◆ Dataset extract:
┄┄┄┄┄┄

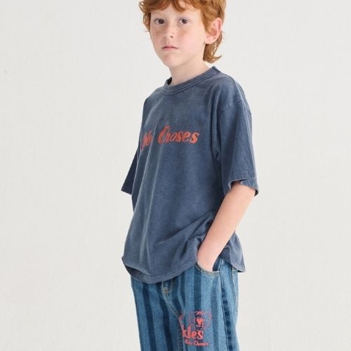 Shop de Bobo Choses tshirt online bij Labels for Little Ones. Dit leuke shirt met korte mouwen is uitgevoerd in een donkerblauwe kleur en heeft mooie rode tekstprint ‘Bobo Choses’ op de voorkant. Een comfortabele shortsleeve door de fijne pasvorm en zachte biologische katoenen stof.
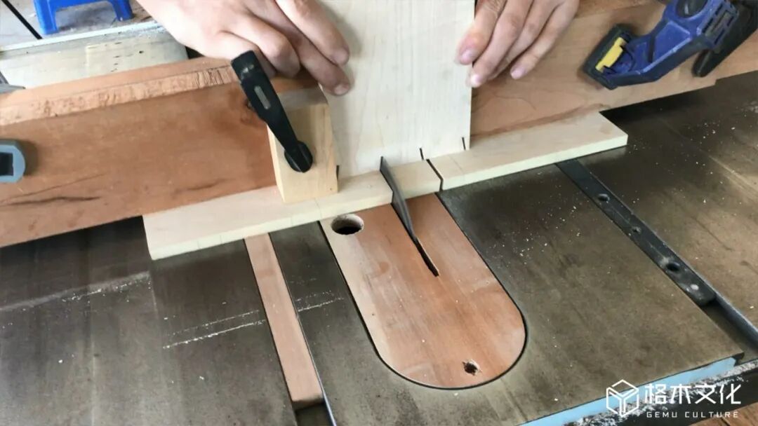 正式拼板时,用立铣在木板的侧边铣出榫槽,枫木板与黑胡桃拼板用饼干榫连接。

┄┄┄┄┄┄

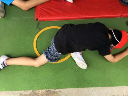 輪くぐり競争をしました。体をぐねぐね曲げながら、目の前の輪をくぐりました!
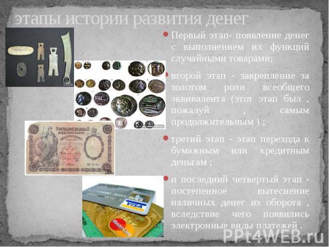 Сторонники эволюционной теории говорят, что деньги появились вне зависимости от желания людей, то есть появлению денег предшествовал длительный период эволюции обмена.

┄┄┄┄┄┄

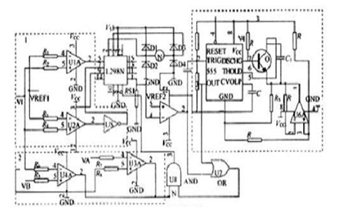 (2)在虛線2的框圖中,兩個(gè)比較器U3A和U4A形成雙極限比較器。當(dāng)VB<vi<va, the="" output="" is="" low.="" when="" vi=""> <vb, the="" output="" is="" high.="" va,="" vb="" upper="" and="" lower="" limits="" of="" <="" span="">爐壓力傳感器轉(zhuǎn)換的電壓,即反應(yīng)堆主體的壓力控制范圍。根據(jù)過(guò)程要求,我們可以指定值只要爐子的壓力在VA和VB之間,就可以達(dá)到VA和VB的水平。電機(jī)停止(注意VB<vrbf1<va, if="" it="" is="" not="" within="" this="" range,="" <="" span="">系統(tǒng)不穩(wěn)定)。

┄┄┄┄┄┄

Please print the lines above word for word, starting at the one with "Shop de Bobo" and ending at the one with "正式拼板时,用立铣在木板的侧边铣出榫槽,枫木板与黑胡桃拼板用饼干榫连接。", both included, and without any picture.

◆ Response to the exercise:
 Shop de Bobo Choses tshirt online bij Labels for Little Ones. Dit leuke shirt met korte mouwen is uitgevoerd in een donkerblauwe kleur en heeft mooie rode tekstprint ‘Bobo Choses’ op de voorkant. Een comfortabele shortsleeve door de fijne pasvorm en zachte biologische katoenen stof.
 正式拼板时,用立铣在木板的侧边铣出榫槽,枫木板与黑胡桃拼板用饼干榫连接。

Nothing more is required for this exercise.